All of these are possibilities not certainties. They require of the left in Aotearoa and around the world to go out and build movements with hundreds of thousands of people. Winning change requires hard work and people who refuse to ignore the suffering of others.

It requires anti-capitalists, trade unions and human rights organisations to co-ordinate anti-sweatshop protests in cities across the world. It was through these types of actions replicated around the world that the powerful global justice or anti-globalisation movement was built.

It requires the efforts of dozens of volunteers and activists committed to building trade unions in workplaces where there is no experience of unions or strike action. But it was these types of campaigns that built the union movement in the first place. When farm workers in England in 1834 were being transported to Australia for daring to demand better pay and conditions.

It requires demonstrations in the street that force governments to act on climate change and a confrontational direct action approach to raising these issues into the public debate. It requires public meetings and petitions. It's a strategy that works.
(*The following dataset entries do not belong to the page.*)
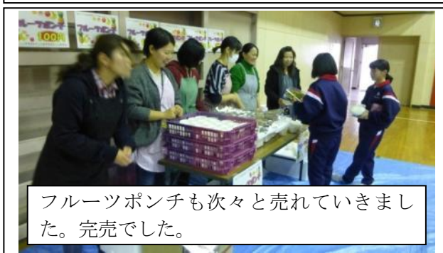
フルーツポンチも次々と売れていきました。完売でした。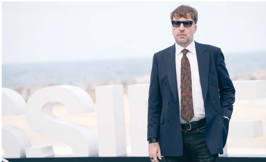
El director Albert Serra posa durante la presentación del documental 'Tardes de soledad' en el Festival de San Sebastián.

Asimismo, en este documental, según el acta, el director aborda la figura del torero "como un auténtico héroe contemporáneo y un artista en constante compromiso con su arte, abordando temas universales como el mie-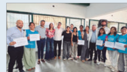
El acto que se realizó en la Escuela N° 514

Desde la organización destacaron que este operativo marca un precedente histórico en La Plata y expresaron la intención de sostenerlo todos los años para facilitar el acceso de los auxiliares a sus certificaciones obligatorias.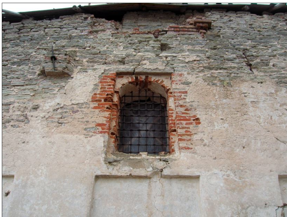
Окно северной стены, над которым видны остатки кирпичного киота, помещавшегося в щипце восьмискатной кровли. Фото автора, 2006 г.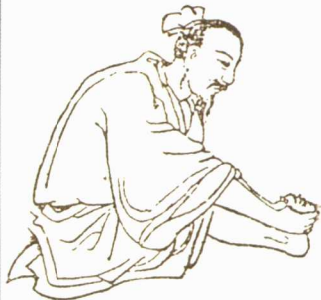
左页图：孔子观乡人射箭图。

右页图：八段锦为传统的养生功法，其名称最早见于北宋洪迈的《夷坚志》。后经历代发展，到晚清时定为以下八段时法：“两手托天理三焦，左右开弓似射雕，调理脾胃须单举，五劳七伤向后瞧，摇头摆尾去心火，背后七颠百病消，攒拳怒目增气力，两手攀足固肾腰”。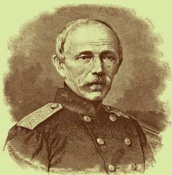
Г. В. Новицкий, генерал от артиллерии (1800–1877). Ксилография. 1877 г. Приложение к «Русской старине». Издательство 1978 г., Санкт-Петербург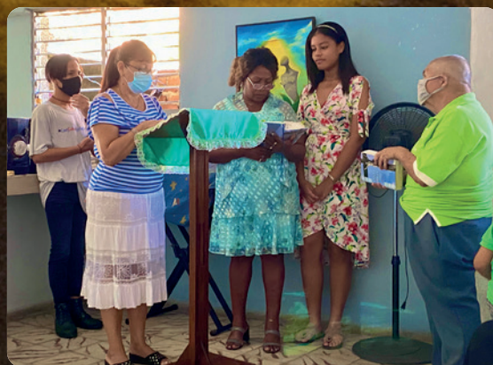
Besøk til Cuba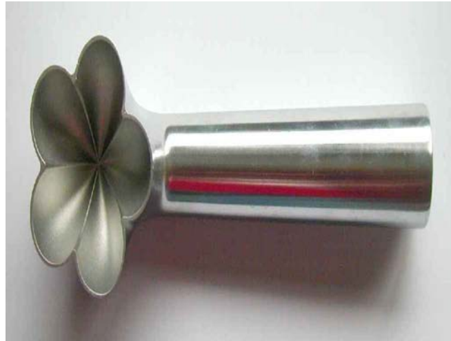
5. ábra. Virág alakú adagolókanál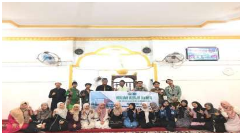
Gambar 5. Foto Bersama Ketua LPMD Desa Kwala Besar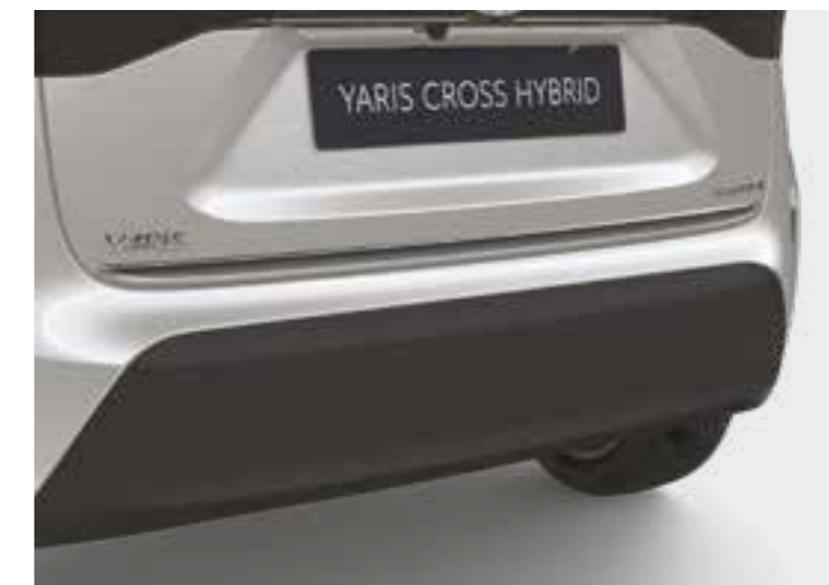
הוסיפו קישוט כרום המדגיש את עיצוב הפגוש האחורי ומבליט את המראה הייחודי של הרכב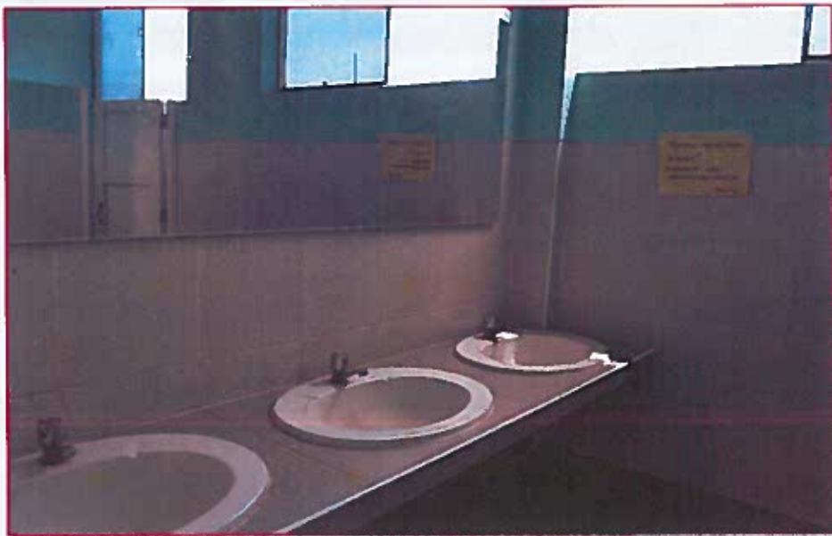
Fig. 04: Lavatorios del baño de docentes mujeres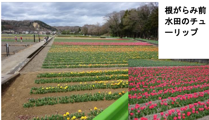
根がらみ前 水田のチュ ーリップ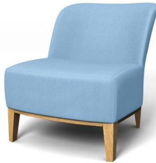
Bemz-Bezug für den IKEA Stockholm Sessel (klein) in Light Denim Blue Belgian Linen (85 €)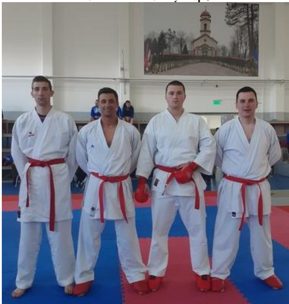
1. мјесто ПУ Бања Лука

In the 1970s dozens of environmentalists would go and live in trees across Aotearoa to stop the felling of native forests.

It requires protest campaigns that highlight the human rights abuses and the apartheid reality of Israel's occupation of Palestine. It requires stalls on university campuses and petitions and the lobbying of student associations. The same types of protest campaigns organised around the world in the 1980s that targeted apartheid in South Africa.

These opportunities come once in a decade, sometimes once in a lifetime. There is a possibility for an upsurge of union protests, environmental campaigns, anti-war and human rights movements right across Aotearoa and around the planet. These movements if built have the potential to end exploitation, ecological plundering and poverty locally and globally. These movements could put revolutionary socialist alternatives to capitalism and war on the agenda for the whole planet.

However if we miss these opportunities, if these movements are not organised from the smallest of beginnings then we face the certainty of another century of capitalist exploitation and the absolute destruction of our planet.

The Aotearoa is Not for Sale movement involved literally tens of thousands of people protesting against asset sales in cities and towns from Invercargill to Kaitaia. Yet at its core was Socialist Aotearoa, a small organisation of socialists who said we need to start stand up and fighting back. Some people, including Members of Parliament told us it was not possible to get more than a few hundred people marching on Queen Street. But we got nine thousand marching in April 2012, three thousand marching in July 2012 and fifteen hundred in April 2013.

The world is in crisis. People are angry and fed up with the capitalist system. We can all see it is broken. But winning change requires the left to get active, to get angry and to get organised.